Will Smith hard-hit postseason outs

Game Result Exit velo (mph) Expected BA
Game Result Exit velo (mph) Expected BA
Wild card Game 1 Flyout RF 99.0 0.614
NLDS Game 1 Lineout SS 107.2 0.743
NLDS Game 2 Flyout CF 102.6 0.893
NLDS Game 2 Groundout 3B 100.8 0.536
NLCS Game 3 Groundout SS 99.9 0.379
NLCS Game 6 Groundout SS 97.2 0.679
World Series Game 1 Lineout CF 97.9 0.379
World Series Game 2 Lineout 3B 102.6 0.729
World Series Game 3 Flyout CF 98.9 0.400
World Series Game 3 Flyout CF 102.3 0.357
95+ mph, .350 xBA or higher in the postseason Source: Baseball Savant

Through it all, Smith was unflappable, staying consistent with the process that produced a breakout season at the plate, even if the results didn’t always show.

“As long as I’m finding good quality at-bats, good quality contact, I’m happy,” Smith said during the NLDS. “I never really got down on myself for not having hits. Each new at-bat, I could help the team win.”

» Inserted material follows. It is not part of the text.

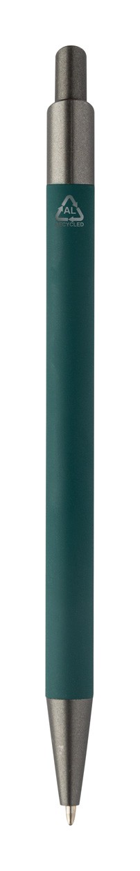 Kuličkové pero z recyklovaného hliníku s pogumovaným tělem a kovovými částmi. S modrou náplní.

If he keeps that up, the sky is the limit.

2020 particulars

Age: 25

Stats: .289/.401/.579, 8 HR, 163 wRC+, 1.3 WAR

Salary: $573,500

Game of the year

As much as I wanted to pick Smith’s epic go-ahead home run against pitcher Will Smith in Game 5 of the NLCS, I’m going with a performance from eight days earlier.

In Game 3 of the NLDS, Smith helped close out the Padres with a record performance. He entered that game 0-for-11 in the playoffs, with four of the aforementioned hard-hit outs yielding no results. But Smith got all the results in this one, hitting two doubles and three singles, driving in three runs and setting a Dodgers postseason mark with five hits in a game.

Roster status

Smith has one year, 90 days of major league service time, meaning he will be eligible for salary arbitration after the 2022 season, and has five more years before qualifying for free agency (at least under the rules of the current collective bargaining agreement).